**RECORDS TO PROCESS**
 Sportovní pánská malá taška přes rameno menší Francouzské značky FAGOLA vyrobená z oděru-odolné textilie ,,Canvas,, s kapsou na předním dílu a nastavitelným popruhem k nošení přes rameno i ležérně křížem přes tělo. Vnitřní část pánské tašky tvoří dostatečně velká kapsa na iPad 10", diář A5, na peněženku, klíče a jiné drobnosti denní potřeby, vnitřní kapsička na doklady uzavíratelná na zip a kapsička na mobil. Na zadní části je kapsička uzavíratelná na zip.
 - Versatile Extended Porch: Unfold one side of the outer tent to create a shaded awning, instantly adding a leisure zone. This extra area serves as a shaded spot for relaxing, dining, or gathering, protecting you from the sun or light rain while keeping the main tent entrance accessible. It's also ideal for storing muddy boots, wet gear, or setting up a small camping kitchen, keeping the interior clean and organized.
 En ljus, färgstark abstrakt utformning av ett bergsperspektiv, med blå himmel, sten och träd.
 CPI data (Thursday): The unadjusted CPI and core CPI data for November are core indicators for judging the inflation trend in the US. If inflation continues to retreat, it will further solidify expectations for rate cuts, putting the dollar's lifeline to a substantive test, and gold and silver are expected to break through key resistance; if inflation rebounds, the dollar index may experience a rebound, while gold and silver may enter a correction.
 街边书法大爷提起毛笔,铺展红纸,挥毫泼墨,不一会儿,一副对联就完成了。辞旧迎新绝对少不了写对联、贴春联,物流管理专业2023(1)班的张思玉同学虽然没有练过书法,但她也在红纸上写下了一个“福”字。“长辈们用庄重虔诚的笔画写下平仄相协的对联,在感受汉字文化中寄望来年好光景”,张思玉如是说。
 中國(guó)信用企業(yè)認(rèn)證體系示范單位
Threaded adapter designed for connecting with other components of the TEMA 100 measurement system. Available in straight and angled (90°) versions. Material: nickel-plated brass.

---

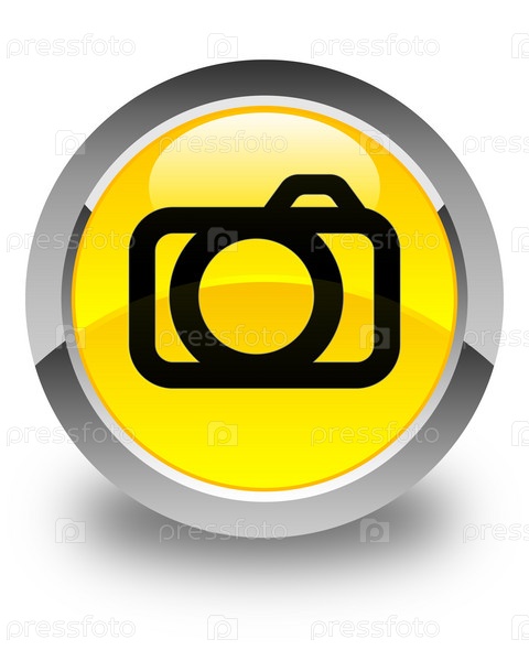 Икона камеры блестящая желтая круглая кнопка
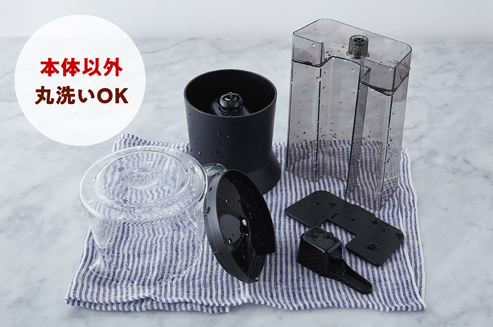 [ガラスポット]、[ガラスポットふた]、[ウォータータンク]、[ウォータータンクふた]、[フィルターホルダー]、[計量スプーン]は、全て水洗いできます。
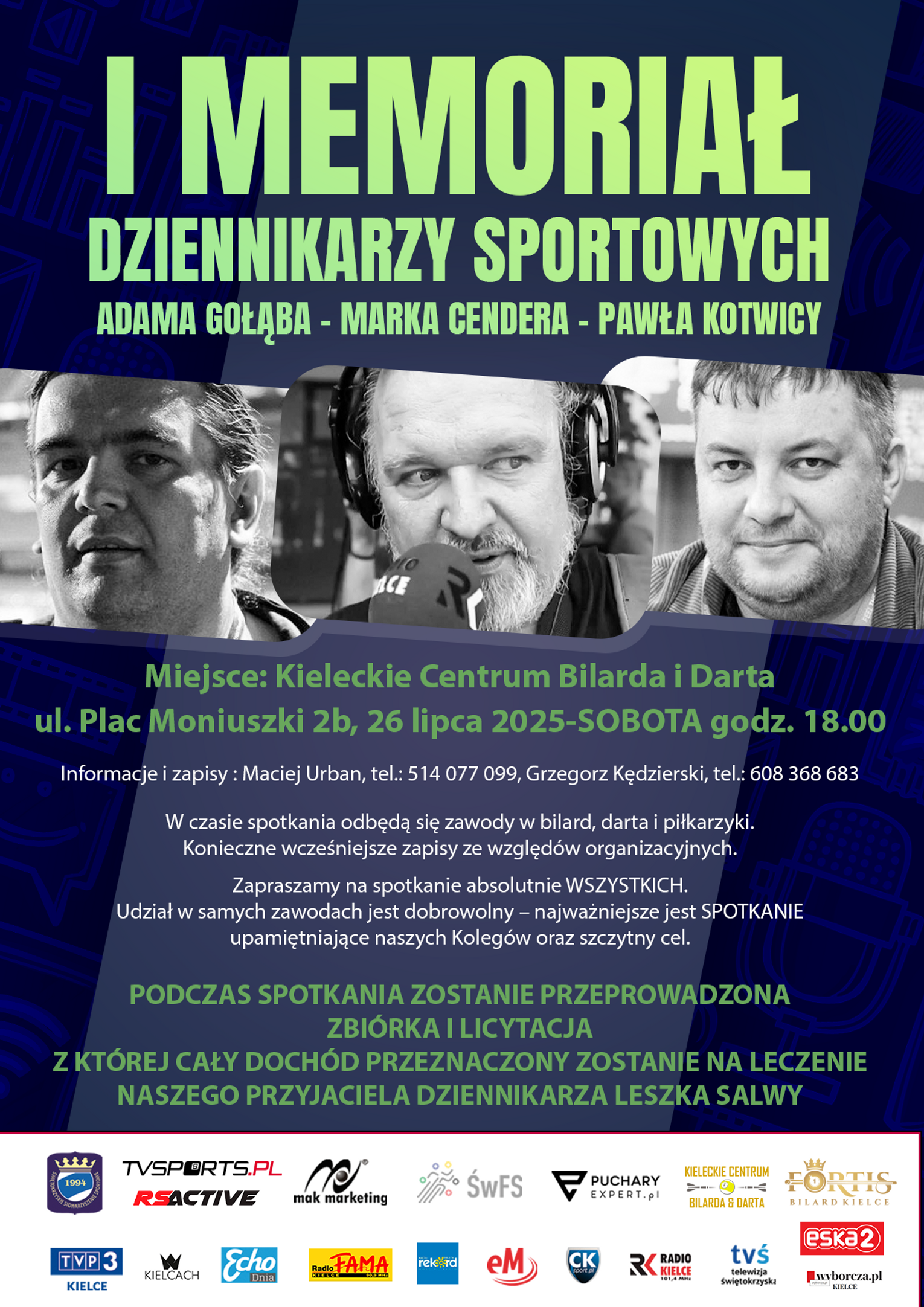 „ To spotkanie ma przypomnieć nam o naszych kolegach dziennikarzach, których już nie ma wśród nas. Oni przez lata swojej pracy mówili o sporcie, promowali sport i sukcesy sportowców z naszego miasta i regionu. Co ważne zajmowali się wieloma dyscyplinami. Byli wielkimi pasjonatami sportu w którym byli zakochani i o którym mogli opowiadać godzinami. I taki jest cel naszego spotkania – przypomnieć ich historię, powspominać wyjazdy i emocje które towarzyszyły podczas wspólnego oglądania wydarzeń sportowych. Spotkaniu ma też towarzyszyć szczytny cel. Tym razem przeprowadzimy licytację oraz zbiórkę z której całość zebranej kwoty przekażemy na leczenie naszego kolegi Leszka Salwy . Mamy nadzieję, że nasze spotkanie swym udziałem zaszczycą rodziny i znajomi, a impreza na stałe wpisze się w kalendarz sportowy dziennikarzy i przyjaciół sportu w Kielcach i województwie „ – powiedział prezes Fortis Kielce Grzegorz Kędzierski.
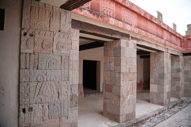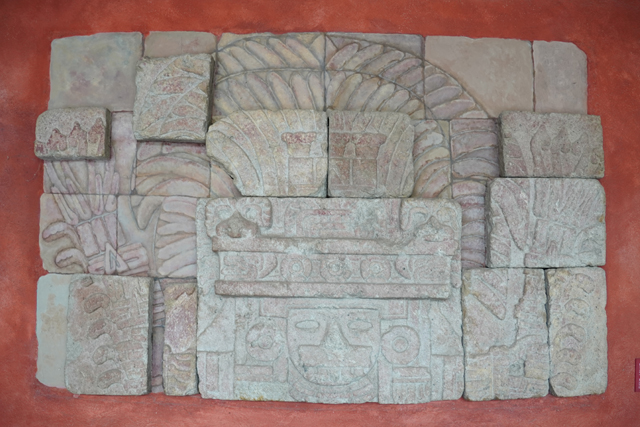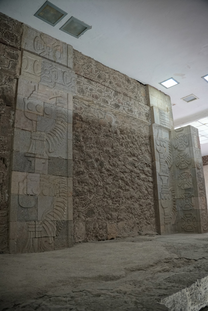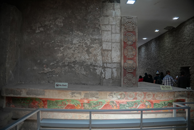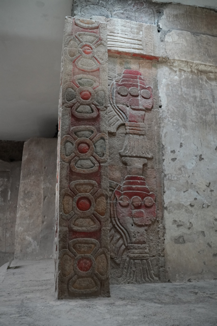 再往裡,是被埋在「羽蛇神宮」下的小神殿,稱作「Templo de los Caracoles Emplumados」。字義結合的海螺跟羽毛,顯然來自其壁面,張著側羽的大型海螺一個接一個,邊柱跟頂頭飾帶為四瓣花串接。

**WORK REQUIRED**
Which lines hold the word "while"? Copy each of them from the records.

**YOUR RESPONSE**
 - Versatile Extended Porch: Unfold one side of the outer tent to create a shaded awning, instantly adding a leisure zone. This extra area serves as a shaded spot for relaxing, dining, or gathering, protecting you from the sun or light rain while keeping the main tent entrance accessible. It's also ideal for storing muddy boots, wet gear, or setting up a small camping kitchen, keeping the interior clean and organized.
 CPI data (Thursday): The unadjusted CPI and core CPI data for November are core indicators for judging the inflation trend in the US. If inflation continues to retreat, it will further solidify expectations for rate cuts, putting the dollar's lifeline to a substantive test, and gold and silver are expected to break through key resistance; if inflation rebounds, the dollar index may experience a rebound, while gold and silver may enter a correction.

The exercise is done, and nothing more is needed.